# Exercise
Restate the listing below word for word. No picture belongs in the result.

======== Given material ========

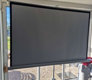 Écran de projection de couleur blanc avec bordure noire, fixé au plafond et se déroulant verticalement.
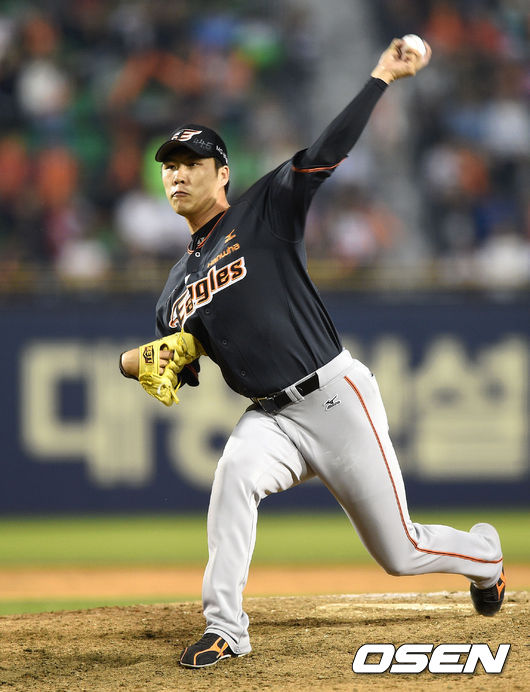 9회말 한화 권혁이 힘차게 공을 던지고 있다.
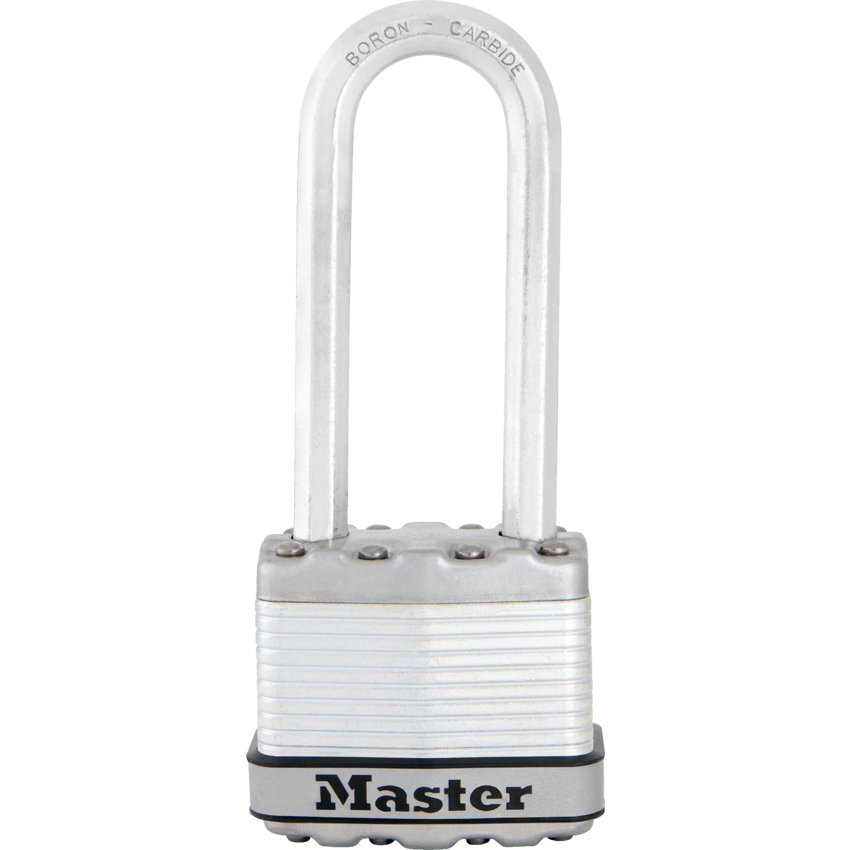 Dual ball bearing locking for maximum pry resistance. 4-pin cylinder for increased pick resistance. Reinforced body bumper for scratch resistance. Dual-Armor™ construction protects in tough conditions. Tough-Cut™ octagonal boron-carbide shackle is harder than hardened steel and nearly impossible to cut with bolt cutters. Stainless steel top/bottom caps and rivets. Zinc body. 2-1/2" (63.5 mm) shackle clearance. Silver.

========

# Final answer
 Écran de projection de couleur blanc avec bordure noire, fixé au plafond et se déroulant verticalement.
 9회말 한화 권혁이 힘차게 공을 던지고 있다.
 Dual ball bearing locking for maximum pry resistance. 4-pin cylinder for increased pick resistance. Reinforced body bumper for scratch resistance. Dual-Armor™ construction protects in tough conditions. Tough-Cut™ octagonal boron-carbide shackle is harder than hardened steel and nearly impossible to cut with bolt cutters. Stainless steel top/bottom caps and rivets. Zinc body. 2-1/2" (63.5 mm) shackle clearance. Silver.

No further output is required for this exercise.